Bring Family/Friend: Another thing I have done and encouraged is having a trusted family member/friend who can come to appointments with you. This is great for patients who may have memory issues or for whatever reason is unable to speak. You can have them be your medical representative (consent to treatments, etc.) in case you may be incapable of doing it yourself. Refer to your state laws to learn how to legally establish this.
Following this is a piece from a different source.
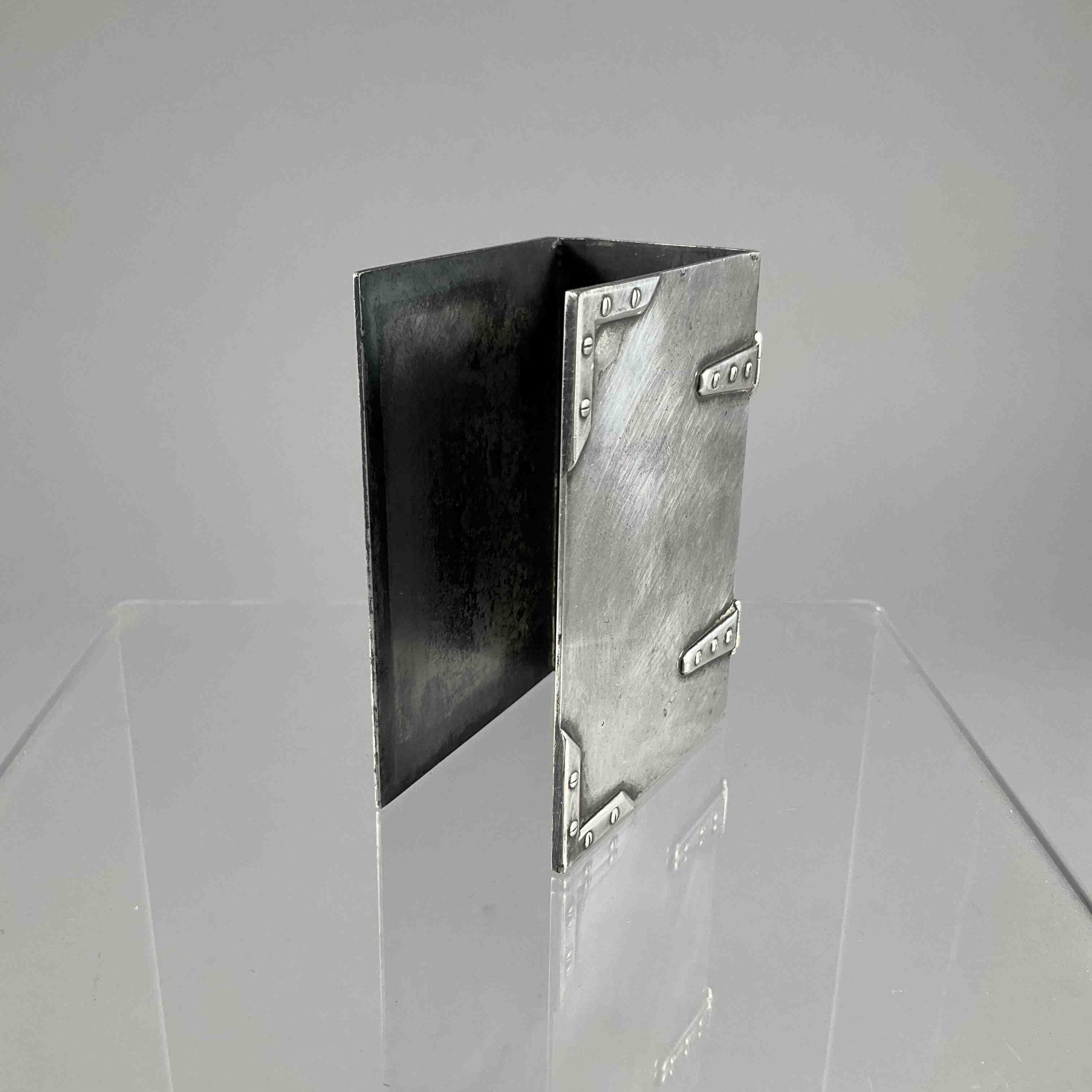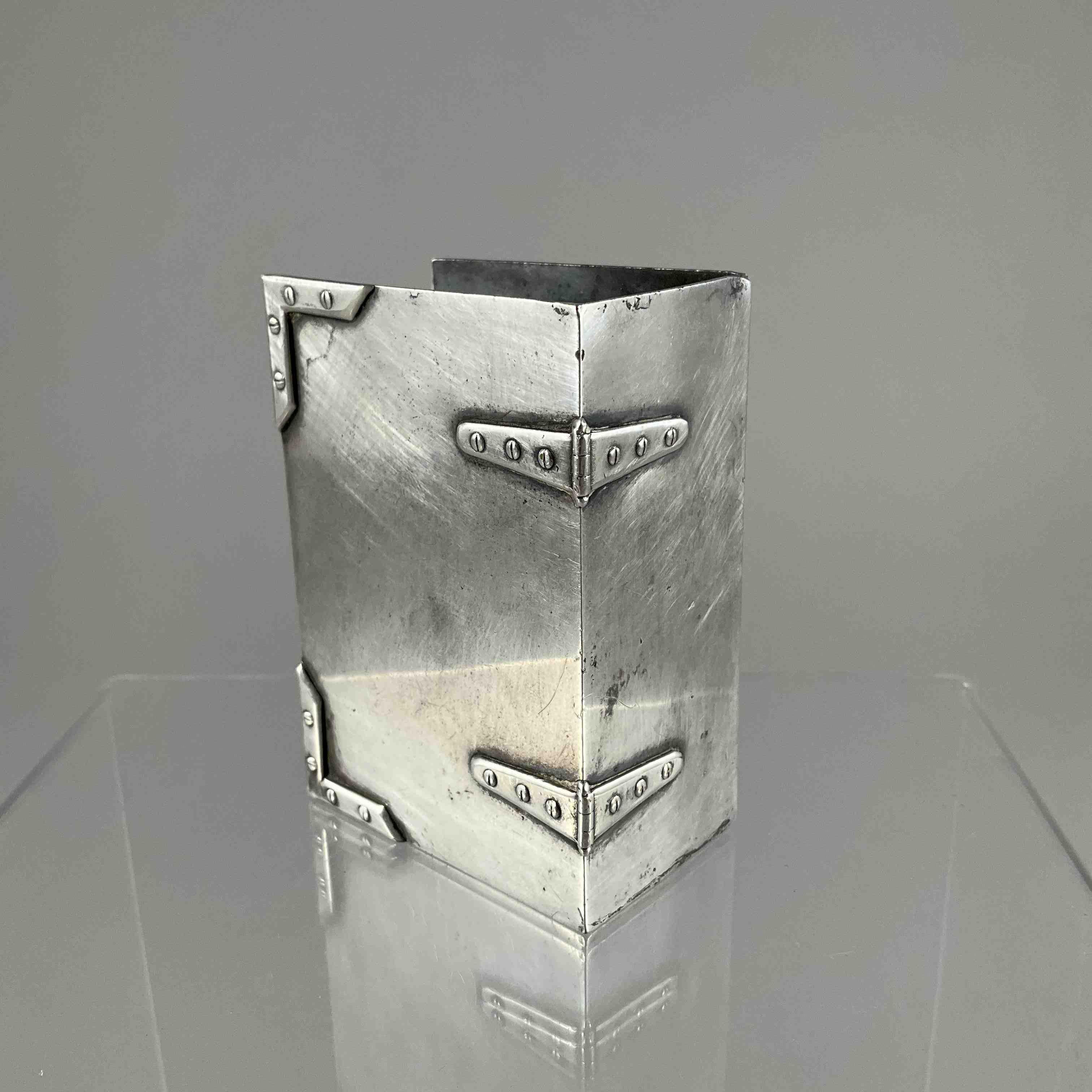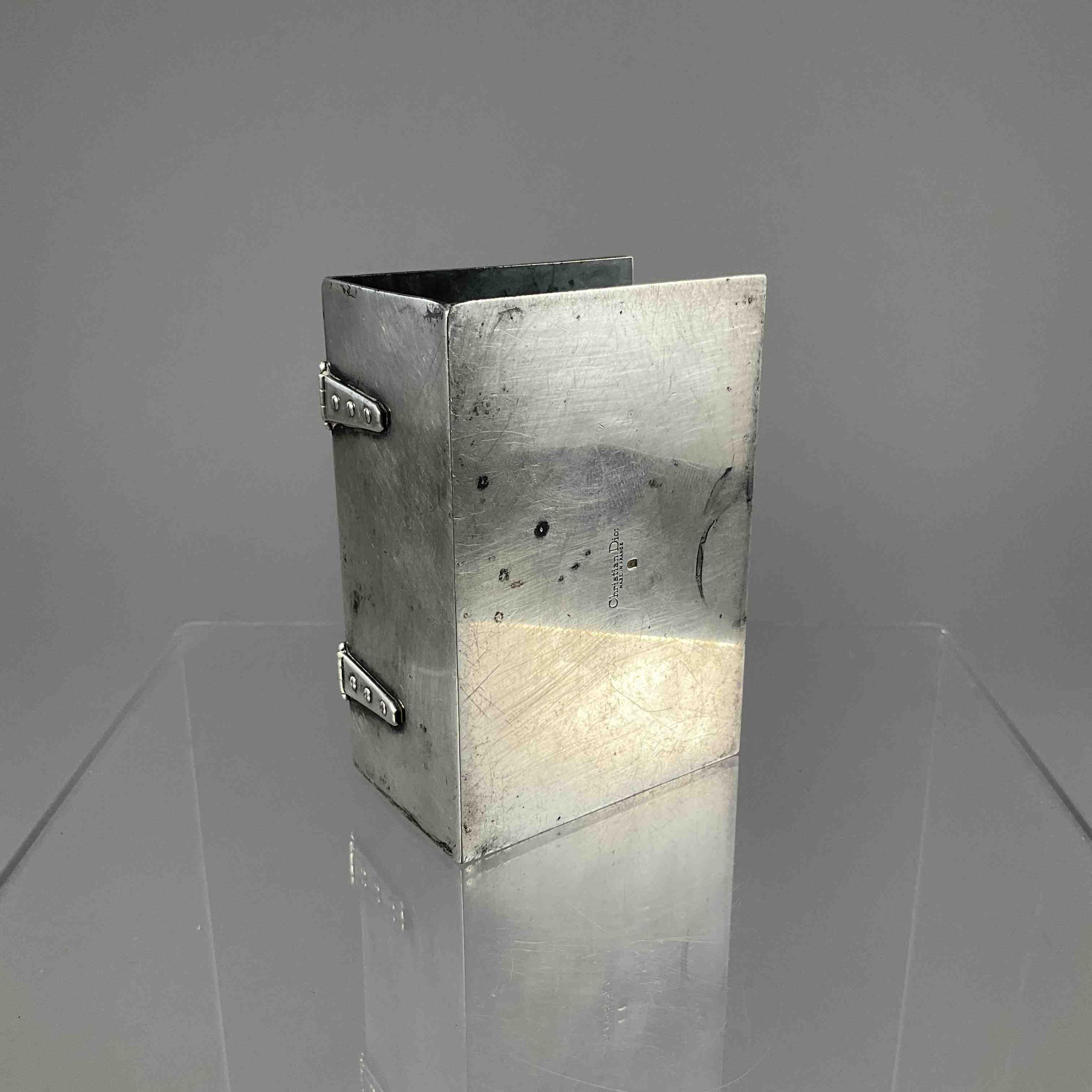 Christian DIOR. ETUI pour GRANDE BOITE D'ALLUMETTES de forme rectangulaire en métal argenté à décor de ferrures et charnières.

Consult a Patient Advocate: Seeking out a patient advocate may help. Patient advocates, typically already available in hospitals, clinics, etc. are individuals who can act as a spokesperson between you and your doctor/medical team if there is a problem in communication. They can also help you understand your medical issues as well as insurance and other resource information. You can even seek one here who specializes in your diagnosis.
Fire and Hire
If all else fails, I like to implement one of my favorite things to do when a medical professional wants to act a fool and that is to fire them. If you have options for more than one doctor in your insurance network that you can get to, fire your current one and schedule with a new doctor. You can do this by:
File a Complaint: Medical professionals do have people they answer to. If misconduct, abuse, etc. was present, you can seek out higher ups such as a medical director or even the state board.
Get a Referral: Asking for a referral for a specialist from your primary care physician will help in terms of guaranteed insurance coverage as long as they recommend within your network.
Call Your Insurance: Contact your insurance directly and request a list of physicians in your area or one that is closest to you.
Our health is one of the most important things we have to deal with in life. Medical self-advocacy can come in many forms that involve being educated, keeping clear, open lines of communication and knowing when to find a new professional. Being paired with a doctor who understands your condition, is willing to listen and work with you to make the changes to help you improve your health is key. This results in a win-win situation for both patients and professionals alike.
Remember to stay active in your self-care!